Philip Mason in KJ 257 agrees that witchcraft plays a key part in the story:


Moira was indeed a kind of witch, reciting no spells by moonlight,
but half-consciously directing her purpose to an end. Harvey was her
familiar: the witches of the Middle Ages usually had a cat or a toad as
a familiar. She must have talked to him about Shend, and put on him
a load too heavy to bear. Her directed intensity of purpose made him
go to the room where Shend had lived, and made him stare at the
Narrator. She perhaps had some degree of second sight, and knew
that the Narrator would play some part in her life: that is why she
talked to him as though he were going to send her a parcel, and why
Harvey stared at him.

Nor have I any doubt that she wanted his friendship. She wove him,
in a lesser role, into her unconscious, or only half conscious, spell.
And that is why she expected him to recognise her unspoken
quotation from Boswell. But I do not think she knew that Shend’s
yacht would be in harbour in Madeira when the Narrator was there.
That was what is called ‘chance’, though I do not think Kipling
believed in ‘chance’ any more than I do.

And J M S Tompkins (p. 162) agrees:

The desolate longing of a woman makes a vehicle for itself out of the little sickly dog she cherishes, and projects its wraith into the hallucinations of the drunkard, who years before was kind to her. This then is a tale of sorcery, of such a ‘sending’ as we might read of in a Northern folk-tale, or find paralleled in the beliefs of a savage people.

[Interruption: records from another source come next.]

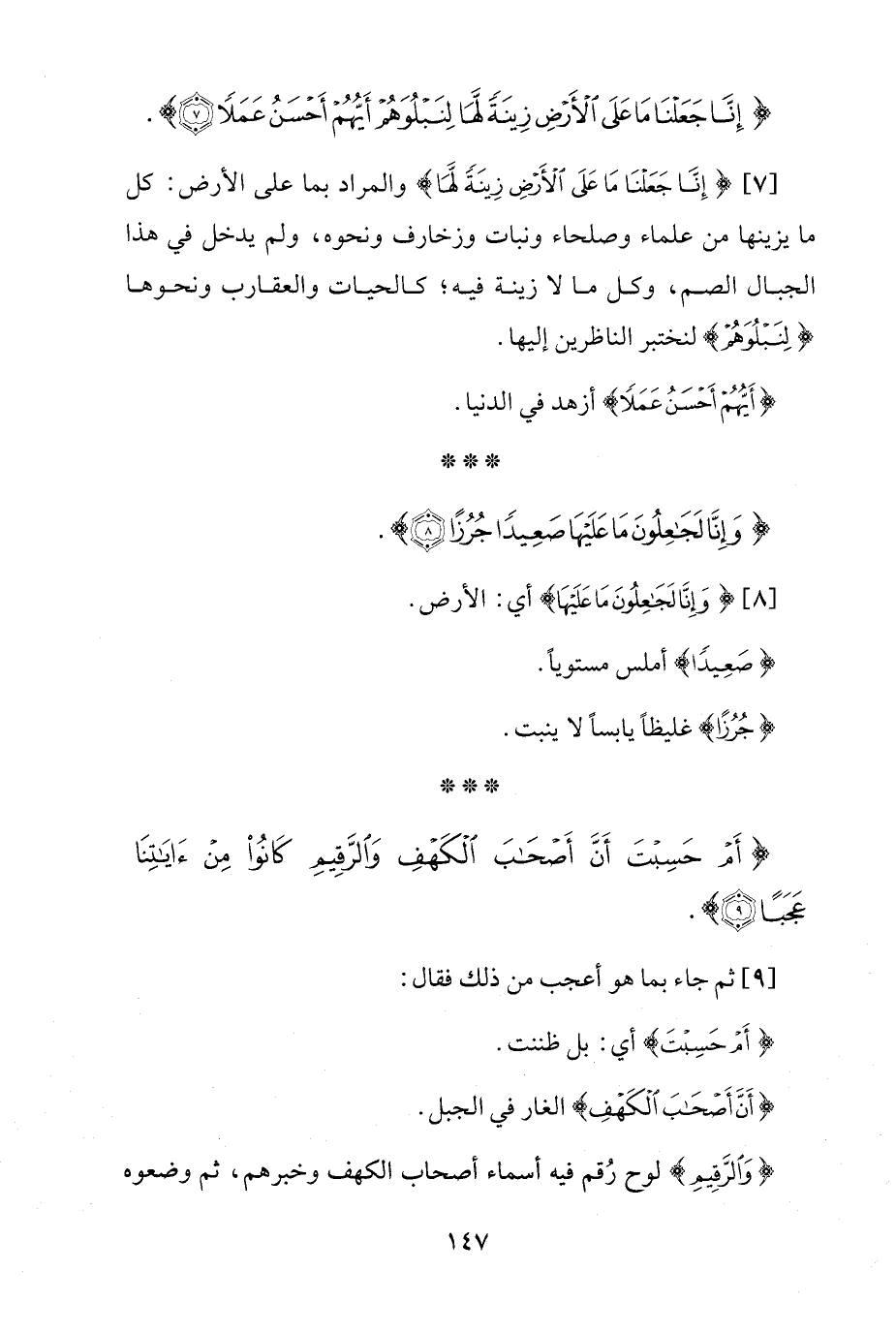 [7] {إِنَّا جَعَلْنَا مَا عَلَى الْأَرْضِ زِينَةً لَهَا} والمراد بما على الأرض: كل ما يزينها من علماء وصلحاء ونبات وزخارف ونحوه، ولم يدخل في هذا الجبال الصم، وكل ما لا زينة فيه؛ كالحيات والعقارب ونحوها {لِنَبْلُوَهُمْ} لنختبر الناظرين إليها.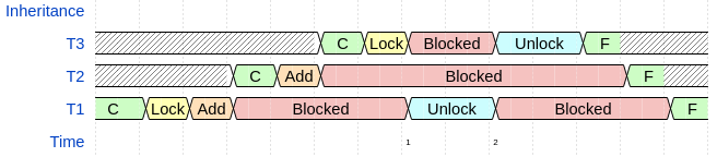 Figure 1 showcases the priority inversion condition. In the figure, C refers to the thread being created and ran, the ‘Add’ blocks are when \(T_1\) creates \(T_2\) and \(T_2\) creates \(T_3\), and the number associated with the thread implies its priority (higher number means a higher priority in the figure). Thus, we see that \(T_2\) completes before \(T_3\), which is characteristic of priority inversion.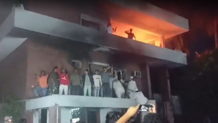 ধানমন্ডি ৩২ নম্বরে বিক্ষুব্ধ জনতার আগুন-ভাঙচুর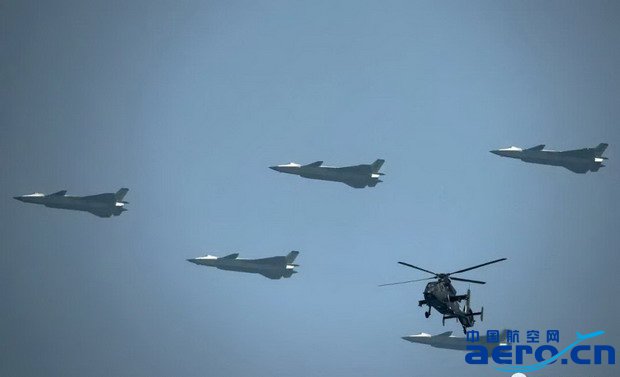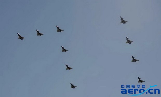 令人矚目的殲擊機梯隊轟鳴著列陣飛來,15架殲20飛機組成3個編隊沿著黨旗指引的方向振翅奮飛,以如此大規模飛過天安門廣場尚屬首次。殲20飛機研制是適應未來戰場需要,由航空工業自主研制的我國最新一代隱身戰斗機,殲20研制成功并裝備部隊,進一步提升了我空軍綜合作戰能力,實現了我國航空工業研制能力和航空武器裝備建設從第三代向第四代的跨越。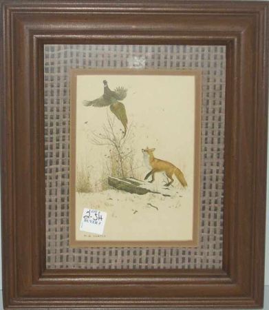 Small framed picture of fox with pheasant Small framed picture of fox with pheasant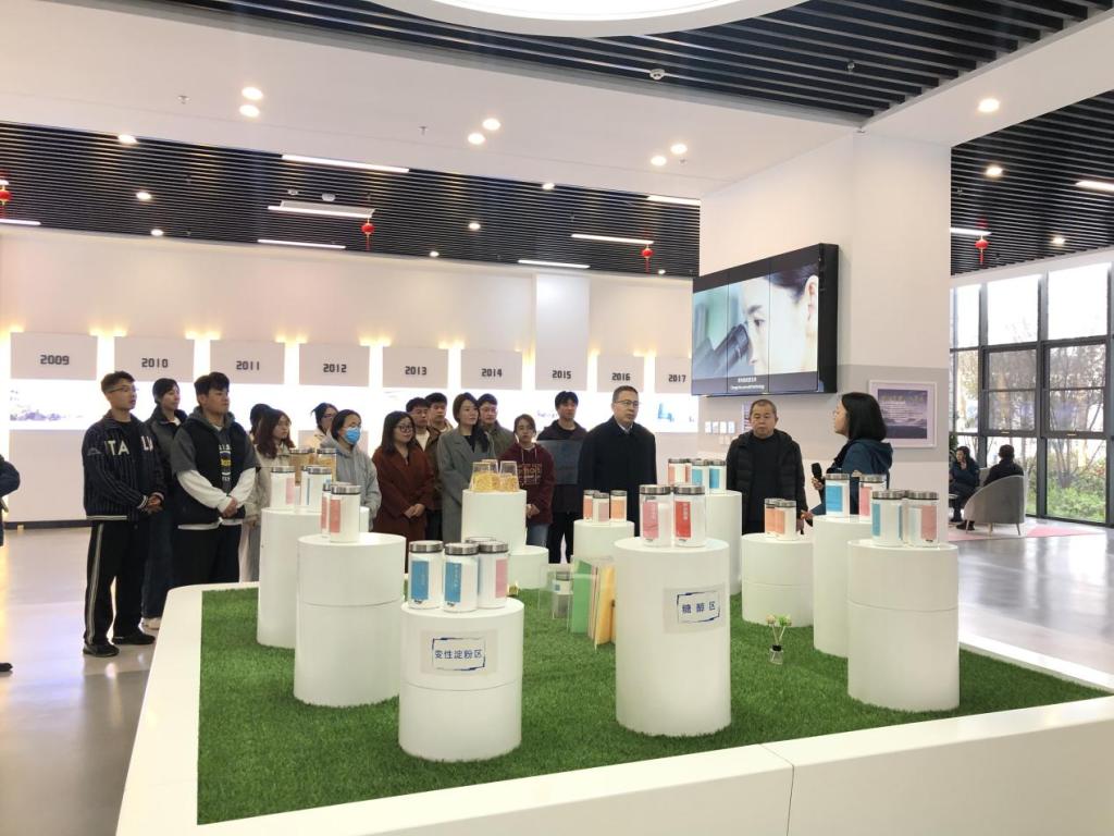 刘印房一行在研发中心主任、校友赵伟等人的陪同下,参观了企业展览馆、生产基地、研发中心等。随后,与企业相关人员进行了座谈。赵伟对学校在人才培养、产学研等方面取得的成就高度赞扬,对母校的精心培育表示衷心的感谢,并介绍了行业前景、企业概况、人才需求等,表示希望与学校加强交流合作,精准供需对接,深化产教融合,在科技攻关、人才培养、资源共享、实习实践等方面开展深度合作。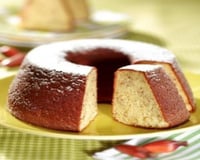 Asse em fôrma de furo central (19 cm de diâmetro) untada e enfarinhada, em forno preaquecido médio-alto (200 °C), por cerca de 30 minutos.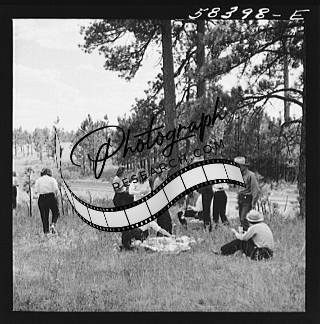Title: Mrs. Lyman Brewster with some dudes on a picnic on the Brewster-Arnold lease. Near Lame Deer, Montana
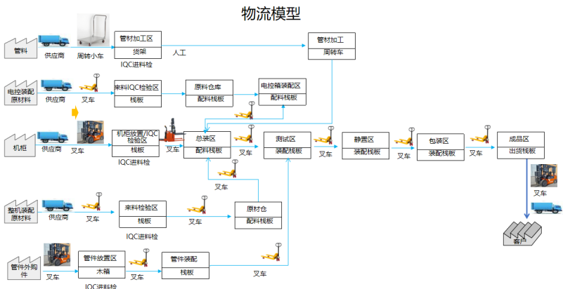 1. 整機裝配工位叉車運送,工序間傳送不方便
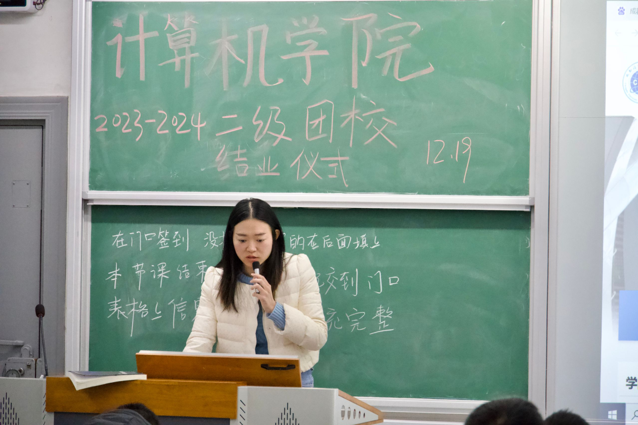 2023年12月19日18:40在H1206教室举办2023-2024学年二级团校结业仪式暨第七次团课。本次团校结业仪式暨第七次团课由学院团委书记岳旭媛主持并讲授。岳老师和同学们分享了如何度过大学时光的十条建议,要向自己认定的目标前进。同学们表示,会规划好自己的人生道路和前进方向,珍惜大学时光。本次结业仪式的顺利举行,标志…[详细] 2023年12月20日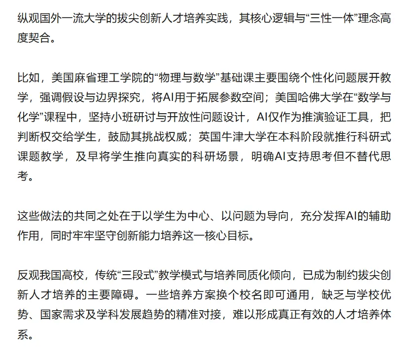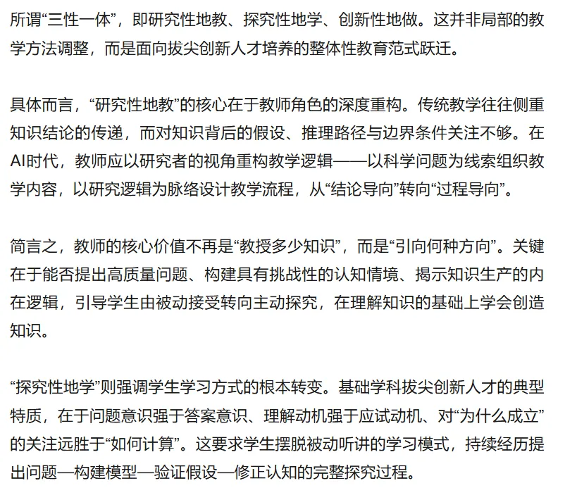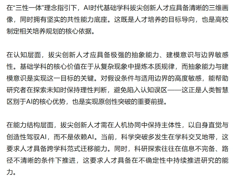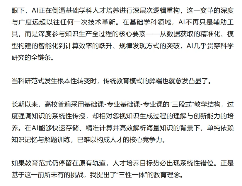 在我看来,在AI时代,基础学科拔尖创新人才培养应坚持并做到“三性一体”。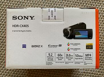 SONY Handycam HDR-CX405 dotata di un sensore CMOS Exmor R ,obiettivo grandangolare Carl Zeiss con zoom ottico 30x.Acquisizione video Full HD display LCD da 2,7".CONFEZIONE ORIGINALE : Handycam HDR-CX405 di Sony ,Batteria ricaricabile agli ioni di litio NP-BX1/M8 di Sony (3,6 V, 1240 mAh) ,Scheda MicroSD 32 GB,Adattatore CA, Cavo Micro-HDMI,Cavo di supporto alla connessione USB,borsa tracolla,MAI USATA.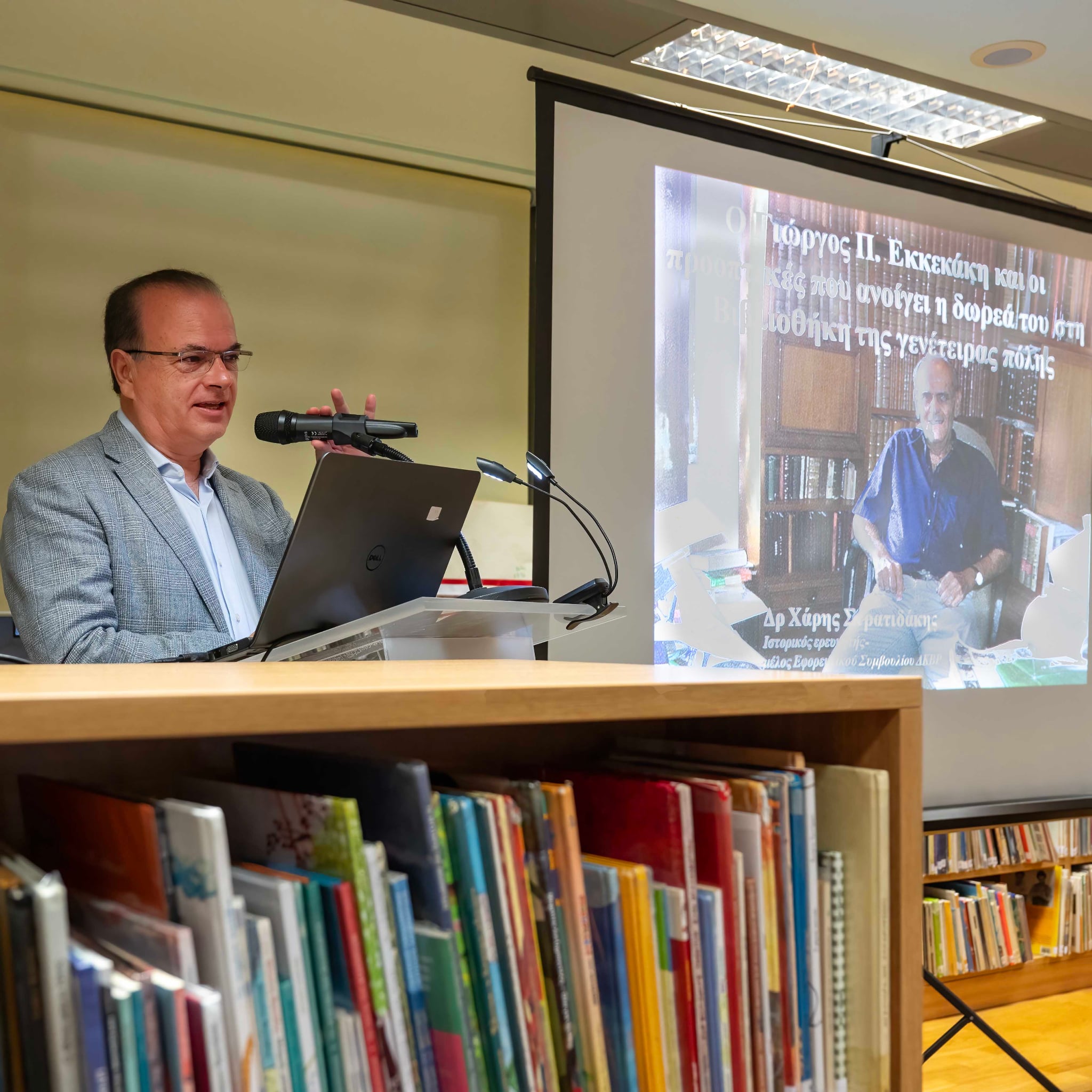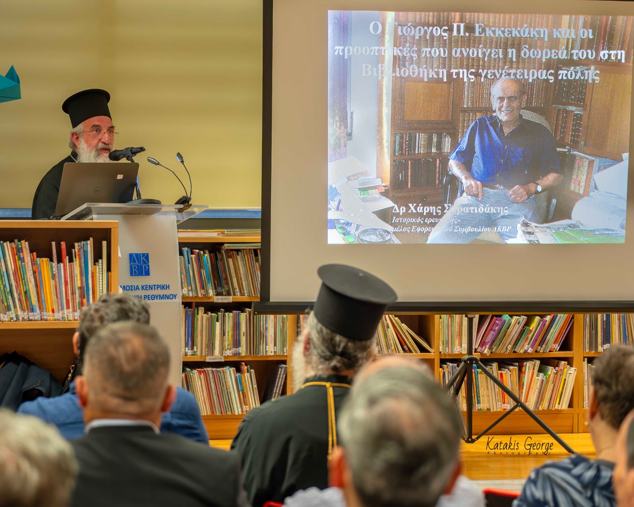 Η εκδήλωση που διοργανώθηκε από την Δημόσια Κεντρική Βιβλιοθήκη Ρεθύμνου και την Αντιπεριφέρεια Ρεθύμνου - Περιφέρεια Κρήτης το απόγευμα της Τετάρτης στους χώρους του ιδρύματος και κατά τη διάρκεια της παρουσιάστηκε το τελευταίο πόνημα του τιμώμενου με τίτλο "Ρεθεμνιώτες που πέρασαν αφήνοντας ίχνη και περαστικοί που έμειναν στην ιστορία του τόπου". Παράλληλα έγινε και η παρουσίαση του τμήματος της βιβλιοθήκης που φιλοξενεί το συλλεκτικό πλούτο των βιβλίων της οικογένειας Εκκεκάκη που δωρίσθηκαν στην βιβλιοθήκη και βρίσκονται πλέον στην διάθεση των ερευνητών και των επιστημόνων.

Edwin Houlton, in a most interesting article in KJ 202, ‘Who was the Dog Hervey’, after reading Tompkins, comments:

Love in Kipling is literally “glamour”—sorcery, primitive and alarming. It can work fearfully with “ordinary”, plain, middle-aged people —Shend and Moira, though rich and at the end happy, are in the same boat as Vickery, Mrs. Ashcroft, and Sergeant Godsoe. It is “Woman-work”—Shend runs away, Moira moves Heaven and Earth, and other Places, to clutch him back; there is another of her sort in “On The
Gate,” the old lady with a mottle-nosed Major in her grip, bullying
St. Peter to let him in. Moira will make a man out of Shend.

This Editor believes that, as in many of Kipling’s works, those who do not perceive any particular message can usually enjoy them as interesting stories and verse, though they may miss much fascinating material. See the remainder of Bodelsen’s Chapter VI “Kipling’s Late Manner”.